January 2017 Cheesy Index

it’s time to talk about cheese: The Cheesy Index! These updates are so much fun to make, grabbing all the financials from all asset groups and seeing where we are on the path to FI.

January 2017 Cheesy Index

We ended 2016 with a record high 57.4% on the Cheesy Index. This was primarily due to a good stockmarket and lot’s of income in the last two months of 2016 (had very good savings rates too).

This month we are happy to report another increase! We are up to 58.2%, that’s 0.8% for the month. If we multiply that with 12, we should be able to add 9.6% to the Cheesy Index this year. If that were true, we would easily reach our target of 65% by the end of the year!

But it’s only January and we have not seen a market correction in quite some time. We are therefore very curious to see what will happen when a correction happens. Talking to other (non) bloggers about 2 weeks ago in Antwerp, the feeling appears to be horrible and you cannot really prepare (we have not lived through a correction that hit us financially). That does not boost well…

Exchange Rates

We correct our net worth (and therefore indirectly the Cheesy Index) for currencies. Each month we record the exchange rates at midnight of the last day of the month. These rates are used to calculate everything from wealth to dividends. We have been rather lucky in the last year as exchange rates have favoured our wealth number. But this cannot continue indefinitely. We are therefore anticipating a correction and therefore lower Cheesy Index growth rates this year. We still hope to reach our 2017 target, but we are mindful that the stockmarket and currency market need to be in our favour to make that happen. Our only benefit is our real estate, which does not fluctute as much. Time will tell!

How did you do financially in January? Did you also reach a record high?



  1. I love cheese! Especially if it’s linked to money like this 🙂
    Great progress so far. We still haven’t calculated our net worth (long to do list), so can’t tell how ours have been so far.

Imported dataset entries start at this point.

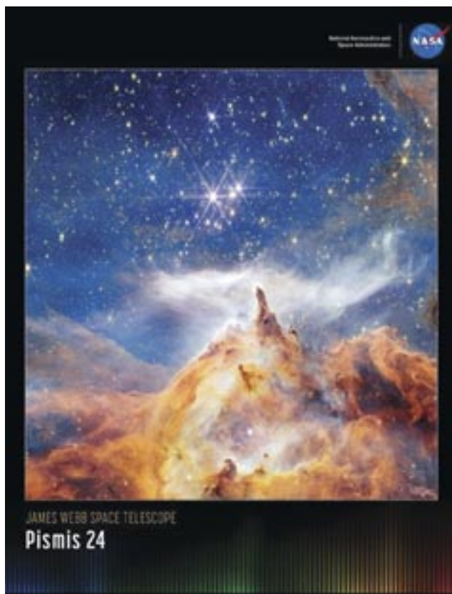
21 e siècle : Pismis 24 est un brillant amas d'étoiles situé au cœur de la nébuleuse du Homard dans la constellation du Scorpion.

PHOTO YOUSUF KARSH, PORTRAITISTE CANADIEN D'ORIGINE ARMÉNIENNE (1908-2002) CONSIDÉRÉ COMME L'UN DES MAÎTRES DU GENRE.
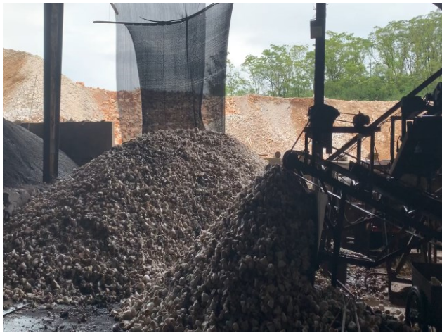
图表4：硅石清洗车间
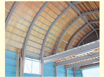
大容量の収納スペース 2階床
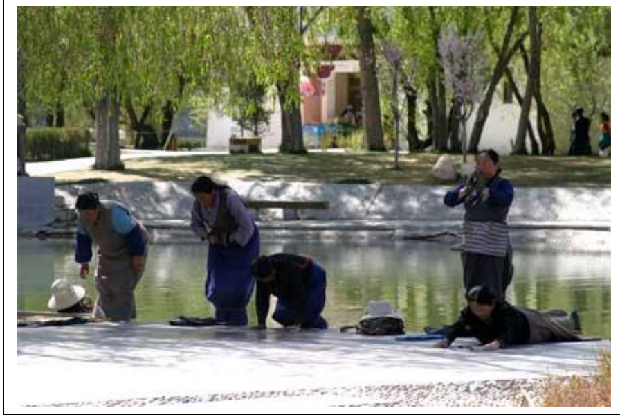
Pyhiinvaeltajia Potala-palatsin edustalla. Kumiset esiliina ja käsiineet suojelevat pyhiinvaeltajien ruumiinosia kulumiselta kumartelevaisen etenemisen aikana.

Jokhang-temppeli on toiminut rakentamisvuodestaan 639 lähtien pyhiinvaeltajien keskuspaikkana. Temppeli ympärillä kiertää vilkas Barkhor-kauppakatu, jota tulee kulkea myötäpäivään. Yhdessä Potalan kanssa, Jokhang ja Barkhor muodostavat UNESCO:n suojeleman historiallisen kokonaisuuden. Temppelin edusta sekä alttarit ovat täpötäynnä vierailijoita, mutta sivuosissa saimme kuljeskella melkein keskenämme. Paras paikka turistin kannalta on temppelin katto, josta aukeaa upea näköala kadulle, Lhasan vanhaan kaupunkiin sekä Potalan palatsiin.
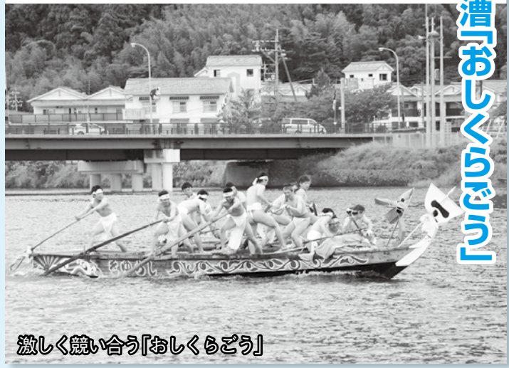
激しく競い合う「おしくらごう」

6月5日、玉江浦地区で藩政時代から受け継がれている伝統の和船競漕「おしくらごう」が開催されました。3隻の船に乗り込んだ鉢巻・下帯姿の7人の若者が、掛け声とともに櫓と櫂を漕ぎ、往復1.2kmの白熱したレースを繰り広げ、玉江浦2区（特攻野郎Bチームエボリユーション）が優勝しました。中学生の部と一般の部の和船競漕も開催され、合計30チームが参加。中学生の部男子は「萩西野球部A」（萩西中）、中学生の部女子は「それいけ！越子ちゃん♡4世・改」越ヶ浜中）、一般の部は「BHO」がそれぞれ優勝しました。
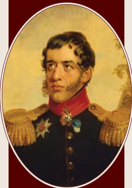
Портрет С.Г. Волконского Художник Дж. Доу, 1823 г. Государственный Эрмитаж

Для решения накопившегося комплекса армейских проблем декабристы предлагали пересмотреть принципы подготовки офицеров. Конституция Н.М. Муравьёва содержала мысль о создании системы военных училищ, в которых можно было бы получать профессиональное образование для будущей службы: «Военные училища должны воспитывать не слепое подчинение, а сознательное выполнение долга перед Отечеством» 36 . При
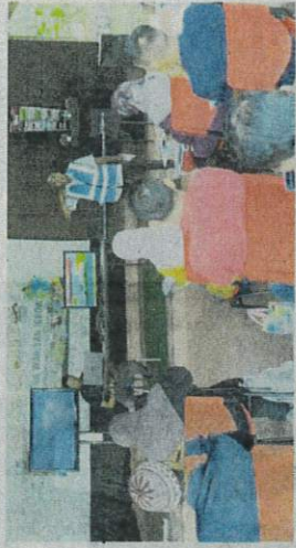
Sebahagian kursus yang dijalankan di Kompleks Desa Warisan iGrow di Mukim Pulau Tiga, Kaungung Gajah.

baharu di Kampar yang berciri futuristik, terutama dari segi kemudahan dan capaian teknologi bagi rancangan membangunkan lagi sektor pertanian lebih moden.
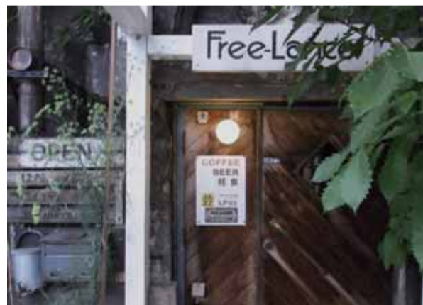
どうぞお入りください
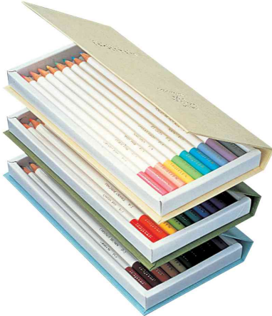
Buntstifte "IROJITEN" Rainforest - offen
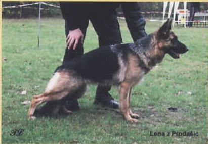
Hartis Bohemia – Kora Benátská vini- ce).

Středně vysoká, středně silná, ucho šířeji nasazené; normální kohoutek, plynulá hřbetní linie, záď poněkud kratší, vzpředu dobře, vzadu velmi dobře úhlena, vykročení dobré, posun velmi dobrý.
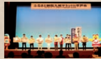
ふるさと納税九州サミットに県代表として参画。先進自治体会議にも参加し、次の展開へ動き出しています。

地域のブランド力が地方創生のカギとなるいま、求められる「なにもない」から「ここにしかない」という「逆転の視点」。そうして地域を見つめ直すことで、まちの魅力と出会い、ふるさとへの誇りへつなげていきます。このまちで生きる誇りを次代へつなぐ。そんな身近だけれど、とても大切な心の拠り所を「ふるさと納税」が私たちに気付かせてくれました。
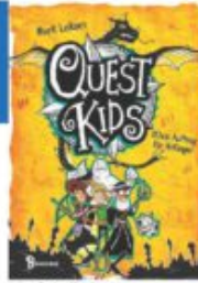
Mark Leiknes Quest Kids - (Kein Auftrag für Anfänger Baumhaus
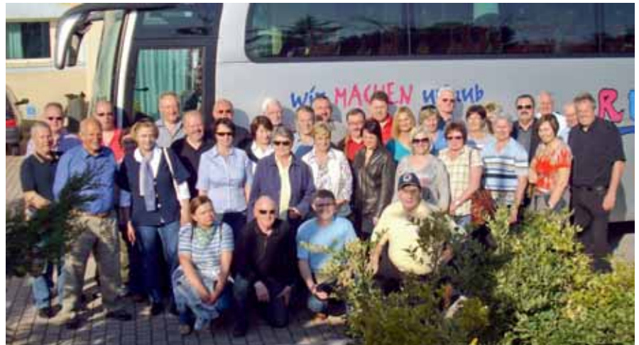
Vor der Abreise
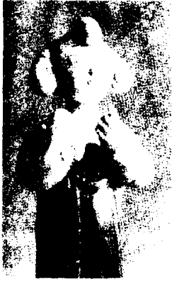
图 1 - 17
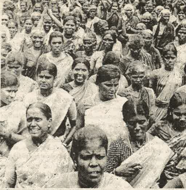
மேல்சாதி ஆதிக்கம் தொடர வேண்டும் என்பதற்காக ஊர்வலம் நடத்தும் கள்ளர் சாதிப் பெண்கள்.

'முதல் ஒரு மணி நேரம் நாட்டார்கள் தேரிழுப்பது, பிறகு தாழ்த்தப் பட்டவர்கள் இழுப்பது' என புதிய 'மனு நீதி' தீர்ப்பு வழங்கப்பட்டது. முதலில் ஏமாந்தோ, எப்படியோ, இதை ஏற்ற தாழ்த்தப்பட்ட சாதியினர், பின்னர் விழிப்புற்று, ஏற்க மறுத்தனர். நீதிமன்றத் தீர்ப்பை நடைமுறைப்படுத்த வலியுறுத்தினர். மாவட்ட ஆட்சியரோ 144 தடையுத்தரவு போட்டார்.

    Very curious about that correction though… Although we can’t predict anything, it might expose some very sweet buying opportunities for stocks!

    1. A correction is a double edged sword, on one side it is seeing lot’s of money “disappear” but on the other hand, it does provide a nice buying opportunity!
      P.s. Did you pass for you motorcycle theory exam?

    2. As long as you don’t sell, no money will ‘disappear’ 😉 (hopefully, it still stays very risky of course)

      And yes I passed my motorcycle theory exam! On to the next one.

      1. Congrats! On to the next one. Got my motorcycle license in Canada, unfortunately it is not recognized here….used to have a great 1600cc chopper :-).

  2. My hope is a flat stock market for the year so some air can escape from the bubble in an orderly fashion. It’s the popping of the bubble that hurts the most. But I lived through the dot com bust of 2001 and the 2008 meltdown. Not fun, but very interesting times …

    1. So far this month, currency rates appear to helped us to even further all time highs….. so not looking forward to when the turnaround comes. But such is life, cash flow on the other hand is so much more important.